Dobrą wiadomość przekazał mieszkańcom sołtys Henryk Machnik. – Rozmawiałem z Jerzym Szydłowskim, dyrektorem Powiatowego Zarządu Dróg, który obiecał, że w tym roku na 100% będzie projekt chodnika w Jankowicach – poinformował sołtys. – Budowa może się zacząć od września. Niestety, im dłużej trwa zima, tym bardziej widmo chodnika się oddala – dodał. Mieszkańców to jednak nie usatysfakcjonowało. – Ile to potrwa? 3, 4, 5 lat? – pytali. Sołtys zapewnił, że jeśli powstanie projekt, to i chodnik musi być w końcu zbudowany, aby dokument nie stracił ważności.
Mieszkańcy, korzystając z obecności władz gminy, narzekali też na stan dróg. – Przejechać przez Kuźnię to zgroza. Jedną dziurę się minie, a do dziesięciu się wpadnie – skarżył się jeden z obecnych. Burmistrz Rita Serafin przyznała, że sytuacja jest trudna. – Jeśli na terenie gminy remontują drogi powiatowe, to chcą, abyśmy im dofinansowali 1/3 wartości inwestycji – tłumaczyła. – Chodniki finansuje się w skali 50:50. W tym roku zaplanowaliśmy 150 tys. zł na inwestycje drogowe. Po zimie niektóre zupełnie się pozapadały. Drogi wojewódzkie trzeba dofinansować na poziomie 20%. Chodniki przy tych drogach mają zaostrzone parametry, koszt jest więc niesamowity – dodała burmistrz.

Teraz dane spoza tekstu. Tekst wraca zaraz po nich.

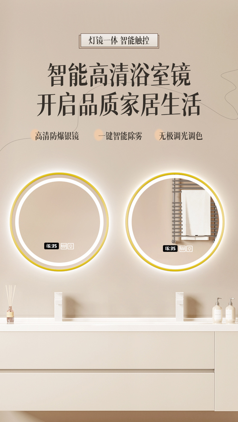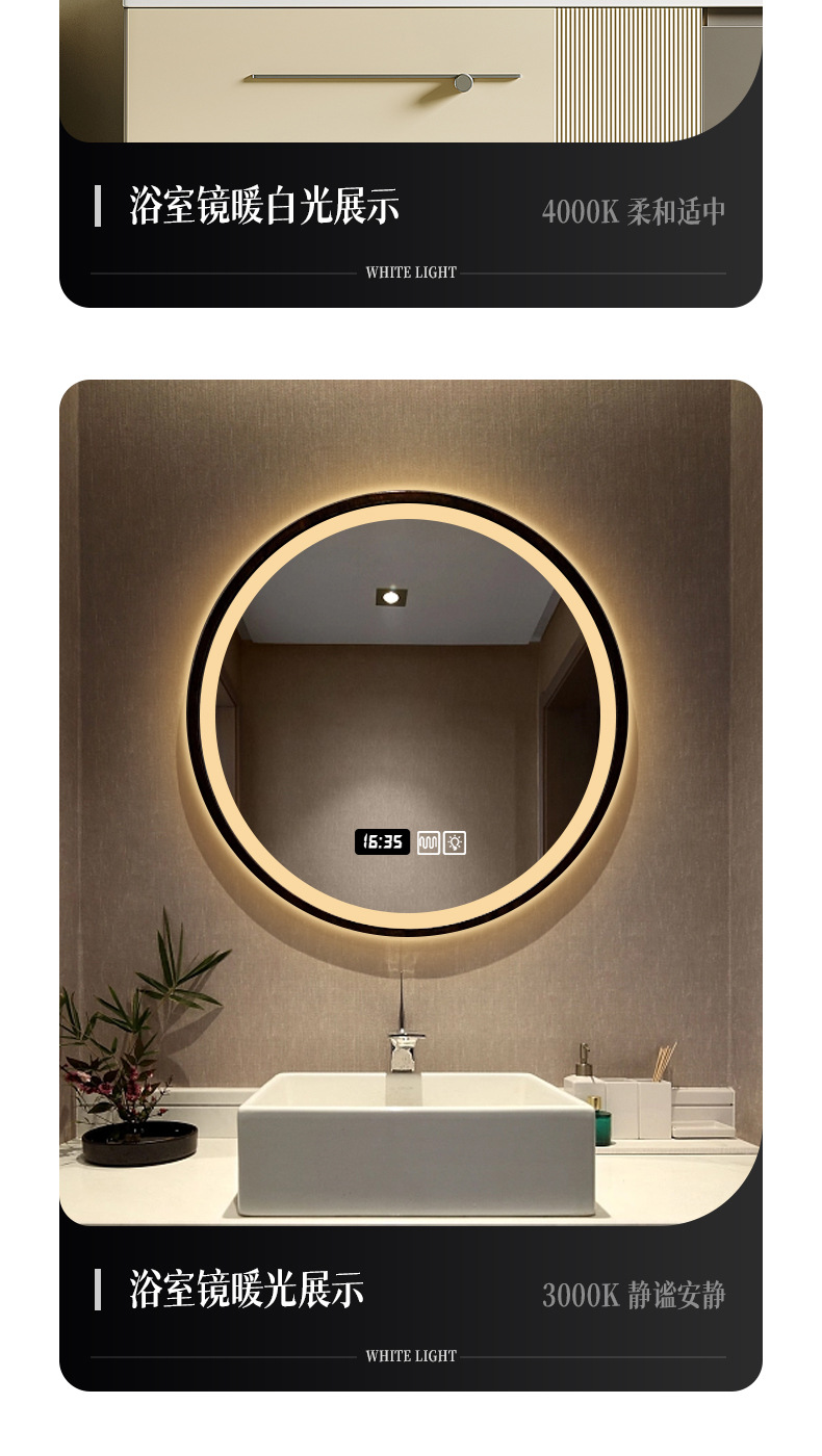 Con bordes| Baño de alta definición espejo inteligente pantalla táctil LED iluminante anti-nebble baño nórdico redondo hotel

Burmistrz poinformowała, że wartość naprawy wszystkich dróg i chodników w gminie opiewa na 11 mln zł. – Zastanawialiśmy się nad sensem organizowania międzynarodowego wyścigu kolarskiego na terenie naszej gminy. Okazuje się, że warto choćby z tego powodu, że jest to jakaś presja dla Zarządu Dróg Wojewódzkich, aby zadbać o tę drogę – dodała żartobliwie burmistrz. – To może i my jakiś wyścig zorganizujemy – zaproponował sołtys Henryk Machnik.